In Silicon Valley, it’s hard to travel far without running into a “AI for X” startup. AI in business technology. AI in healthcare. Use AI in dating. And so forth.
It’s undeniable that some of these startups are just marketing puffery. The majority of the others, however, are merely licensing large AI systems from well-funded startups and tech giants, like Google’s Bard, Anthropic’s Claude, and OpenAI’s ChatGPT, and applying them to whatever human endeavor their founders believe hasn’t received enough AI attention to date.
These startups’ and services’ sudden ubiquity indicates that the AIs they are using are primed for success. However, they’re not in a lot of ways. Not yet, at least. The underlying AIs that underlie all of this hype are improving quickly, which is good news for enthusiasts of AI, anyway.

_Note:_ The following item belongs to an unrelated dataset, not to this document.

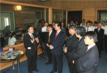 | Tổng giám đốc TTXVN Vũ Việt Trang trao hạng mục “Chiến tích thể thao của năm” cho Đội tuyển bóng chuyền nữ Việt Nam, tại lễ trao Giải Cống hiến, tháng 3/2024 |

This implies that the buzz of today may soon give way to reality tomorrow.
It will take some intellectual exploration for us to fully comprehend all of this, including why AIs aren’t ready for prime time, how they are improving, and what that can tell us about where we’re heading.
It’s helpful to first comprehend how these AIs operate. It’s essential to understand two terms: foundation models and “generative AI.” Generative artificial intelligence (AI) refers to the current generation of AIs that are generating such excitement among people because they are doing things that, until a few years ago, seemed only humans could do. They are built upon foundation models, which are massive systems trained on massive datasets—often terabytes of data representing all publicly accessible information on the internet.
AIs that can create startlingly realistic images, artificial voices that sound exactly like the humans they mimic, and responses to written prompts that are uncannily humanlike are known as generative AIs.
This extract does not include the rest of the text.